Of the two political parties, Republicans have morphed into a fractious mob under Trump, animated by anger, grievance, and a primordial urge to burn everything down. If Trump loses his second presidential election in a row, Republicans will face their own reckoning and the prospect that a rabid minority, no matter how passionate, cannot win national elections.
 
Democrats, however, have hardly stepped into the breach and offered normal Americans a political refuge. Instead, Democrats have gone to the other extreme and left millions of voters feeling alienated by both parties. Here are three mistakes Democrats have made in recent years that will explain what went wrong if they lose in 2024:
 
The Bernie Sanders effect
 
The socialistic Vermont senator clearly caught traction when he ran for president as a Democrat in 2016. He energized young crowds by railing against “obscene levels” of income inequality. He proposed heavy new taxes on businesses and the wealthy, which would finance free college and a government healthcare plan to cover all Americans.
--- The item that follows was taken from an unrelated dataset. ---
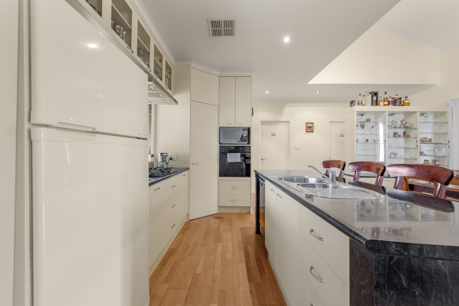 - The kitchen features a dishwasher, gas cooking, in-wall oven and ample storage (including corner pantry)

Hillary Clinton won the Democratic nomination, but Sanders got 43% of the primary vote, persuading other Democrats that voters were open to radical new ideas for lifting up young Americans and those who were falling behind.
 
Sanders and other progressive Democrats followed up with ideas such as the “Green New Deal” in 2019, which would have been a sweeping government takeover of the energy and transportation sectors meant to address climate change and rectify widespread social inequities. Most Democrats supported the Green New Deal, even though it failed in a gimmicky congressional vote. Democrats stuck with the idea, viewing it as a winning issue in the 2020 elections.
 
Same with “Medicare for All,” the Sanders plan for a single-payer government healthcare program. In the 2020 Democratic primaries, many of the most prominent Democratic candidates supported Medicare for All — including Kamala Harris.
 
Fast-forward to 2024, and it turns out that moderate swing voters don’t want the massive disruptions that would come with these two gigantic government efforts, even if they support the end goals. As the Democratic presidential nominee, Harris has abandoned her earlier support for both the Green New Deal and Medicare for All, because she needs centrist voters who prefer gradual improvements over massive government intervention. Sanders showed how to energize America’s most liberal voters, and many other Democrats followed his lead, including Harris. What they didn’t account for is the blowback: Policies that excite liberals alienate centrists. Harris is struggling with that problem now.
 
Trashing fossil fuels
 
During his 2020 presidential campaign, Joe Biden famously promised to “end fossil fuel.” He seemed to act on that promise as soon as he took office in January 2021 by canceling the permit for the Keystone XL pipeline, siding with climate activists on an emotional issue that stood as a litmus test for whether you supported the cause. Biden was clearly seeking to appease progressive Democrats — the Sanders wing — passionate about addressing climate change.